Mr. Rosenthal came to PRG from Lehman Brothers, where he founded and was president of Lehman Housing Capital, a housing tax credit syndication firm. Mr. Fried worked at The Related Companies, where he formed the firm’s real estate financial services arm, Related Capital Company. The pair partnered 25 years ago on “a couple billion dollars” worth of multifamily deals. In 1999, they joined forces to create PRG.
“Within multifamily, we did everything ranging from market-rate to low-income housing with tax credits,” Mr. Rosenthal said. “We worked with high rises in the city and garden apartments in suburbia. But we didn’t know what to do with all this knowledge.” Early into the company’s run, a not-for-profit approached Messrs. Rosenthal and Fried and spoke of the “forgotten middle” of work force housing. “They knew that the lower end was getting subsidies and people knew how to provide it and that luxury had no problem.”
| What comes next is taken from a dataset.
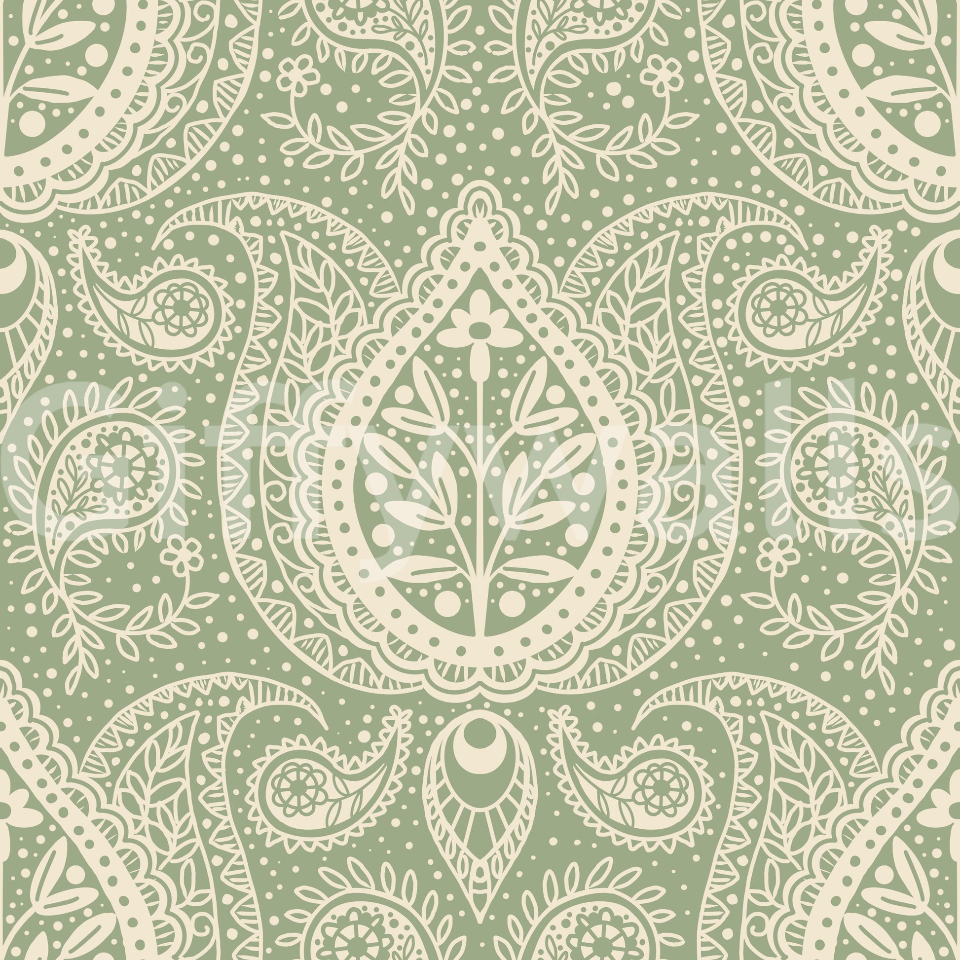 Indulge in the serene beauty of "Subtil Botanical Paisley - Sage Green." This wallpaper showcases a delicate dance of off-white paisley patterns on a calming sage green backdrop. Intricate floral details and subtly textured leaves intertwine, creating a sophisticated yet organic feel. The design is both calming and visually engaging, perfect for adding a touch of understated elegance to any digital space. The soft color palette promotes relaxation, while the detailed patterns offer a captivating visual journey. Transform your screen into a tranquil oasis with this refined botanical masterpiece.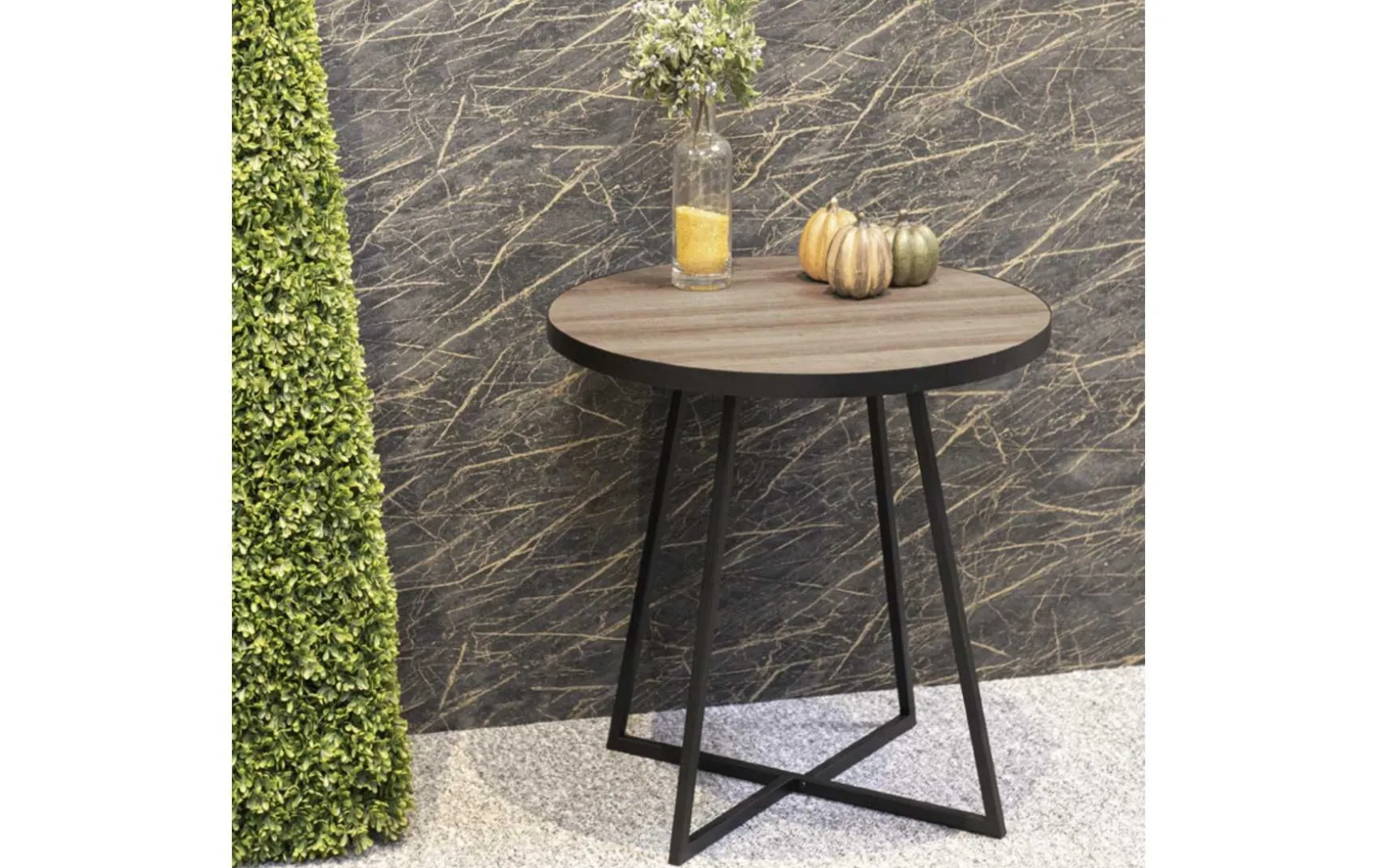 Sehr schöner Beistelltisch mit einem schwarz lackiertem Metallgestell und einer pflegeleichten MDF-Ablage. Die Platte ist rund und erscheint ganz edel in Eiche dunkel. Das sieht Klasse aus und passt zum modernen Wohnstil. Ein Beistelltisch, der in jedem Zimmer gebraucht werden kann.

Currently, PRG’s roughly 3,000 New York City units are clustered around Bedford-Stuyvesant and Bushwick in Brooklyn and upper Manhattan. “We can consider northern Manhattan part of the outer boroughs,” Mr. Rosenthal said. “It’s also coming of age.” Elsewhere, they’ve built a portfolio of walk-up buildings on West 49th Street between Eighth and Ninth Avenues and the David Arms at 340 East 90th Street. PRG has grown in Westchester, New Jersey and Connecticut. Nationally, the firm has a major presence in Southern California and Florida. Over the next three years, Mr. Rosenthal said PRG hopes to double the size of its portfolio which now has over $1.35 billion in assets.
PRG’s main objective is to acquire Class B and C buildings and renovate them to contemporary standards. “Yes, we get more rent,” Mr. Rosenthal said. “We make money. Otherwise, we won’t attract capital. At the same time, tenants get a nicer place to live, a place that they’re proud of. These are not lipstick rehabs. And we make a difference in the neighborhood. We clean up the facades, add retail and contribute to making nice neighborhoods with continuity.” At the end of the day, the rents in PRG’s buildings are still cheaper than new construction.
“That’s our shtick, if you will,” Mr. Rosenthal said. “The rents will still be a value for a given neighborhood.” As for retail rehab, he mentioned everything from national chains like 7-Eleven to neighborhood grocers to child care facilities as attractive prospects. “They’re not destination tenants,” he said, although local restaurants can greatly benefit a neighborhood.
PRG began toward the end of Rudy Giuliani’s transformative tenure as mayor when the city—or at least Manhattan below 96th Street—was acquiring its contemporary glossy sheen. Work force housing was a shrinking commodity then and is even scarcer following 12 years of Mayor Michael Bloomberg’s business-friendly reign.
“It’s tighter now,” Mr. Rosenthal said. “On the other hand, that barrier between Manhattan and the outer boroughs is starting to fall.” Speaking as much from an investor’s perspective as a middle-class renter’s, he added, “It became O.K. to live right across the river. Now it’s O.K. to live a little farther across the river.”
“On some level, that speaks to the city’s health,” he said of the expansion east and north of neighborhood desirability. “It attracts young workers” in technology and other fields. But it has also led to fears of an affordability squeeze that the Mayor-elect capitalized on during his unexpected march to victory.